- [Assigned task]:
Set down each line of the material that follows exactly, and leave its pictures out.

- [Recorded information]:
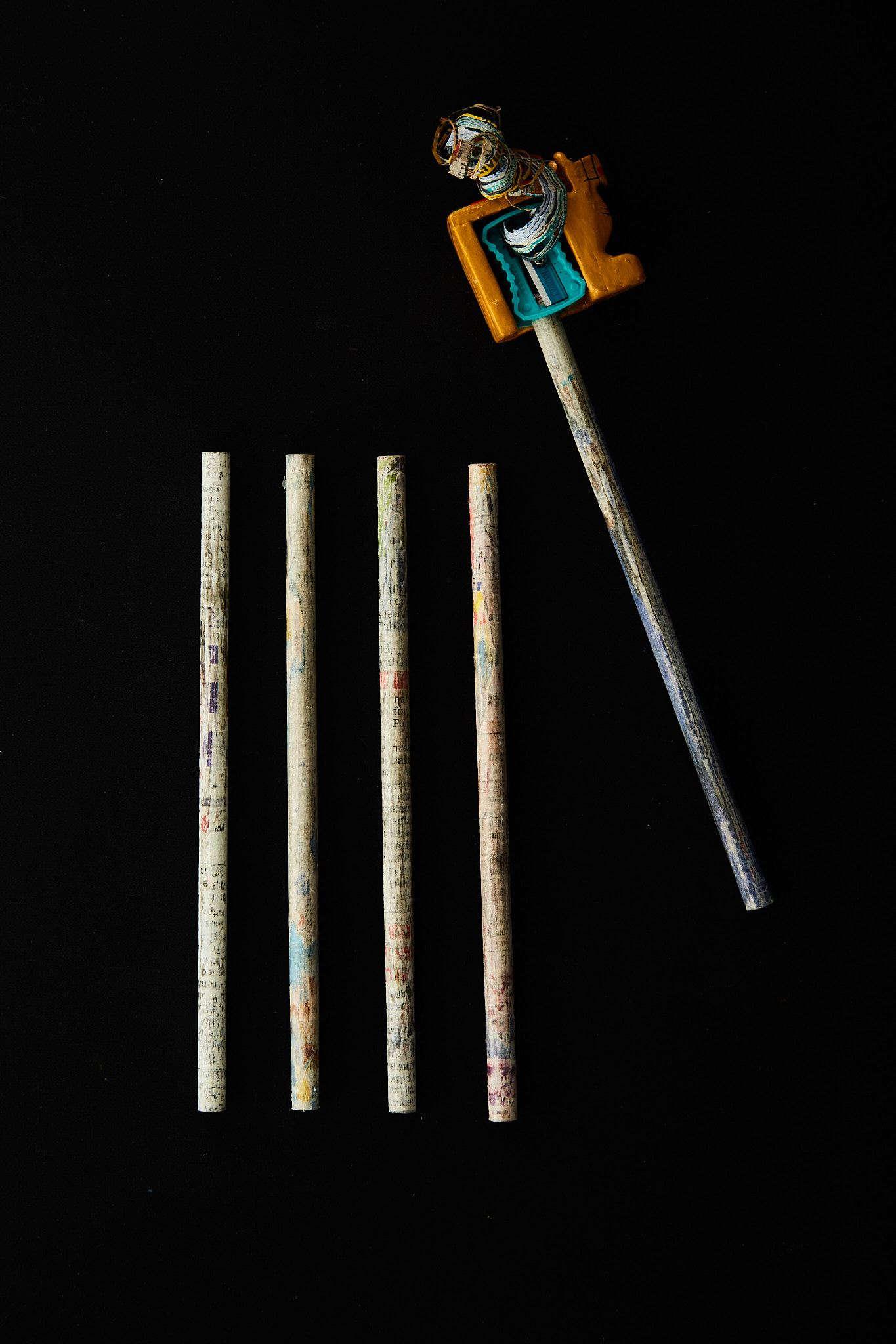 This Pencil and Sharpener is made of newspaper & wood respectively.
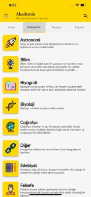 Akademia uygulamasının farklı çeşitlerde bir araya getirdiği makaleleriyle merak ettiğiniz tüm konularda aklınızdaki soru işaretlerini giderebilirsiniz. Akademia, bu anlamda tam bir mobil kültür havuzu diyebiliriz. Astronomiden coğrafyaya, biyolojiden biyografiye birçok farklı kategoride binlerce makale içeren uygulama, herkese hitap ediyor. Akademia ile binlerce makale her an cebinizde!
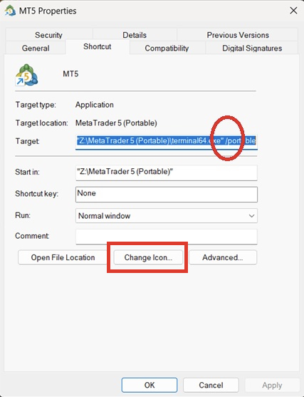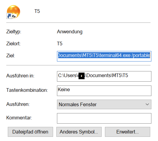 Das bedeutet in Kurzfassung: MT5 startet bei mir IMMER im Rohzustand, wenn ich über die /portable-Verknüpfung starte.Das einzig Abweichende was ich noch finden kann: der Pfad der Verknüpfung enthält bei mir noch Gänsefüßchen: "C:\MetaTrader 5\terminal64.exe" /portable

- [Your response]:
 This Pencil and Sharpener is made of newspaper & wood respectively.
 Akademia uygulamasının farklı çeşitlerde bir araya getirdiği makaleleriyle merak ettiğiniz tüm konularda aklınızdaki soru işaretlerini giderebilirsiniz. Akademia, bu anlamda tam bir mobil kültür havuzu diyebiliriz. Astronomiden coğrafyaya, biyolojiden biyografiye birçok farklı kategoride binlerce makale içeren uygulama, herkese hitap ediyor. Akademia ile binlerce makale her an cebinizde!
 Das bedeutet in Kurzfassung: MT5 startet bei mir IMMER im Rohzustand, wenn ich über die /portable-Verknüpfung starte.Das einzig Abweichende was ich noch finden kann: der Pfad der Verknüpfung enthält bei mir noch Gänsefüßchen: "C:\MetaTrader 5\terminal64.exe" /portable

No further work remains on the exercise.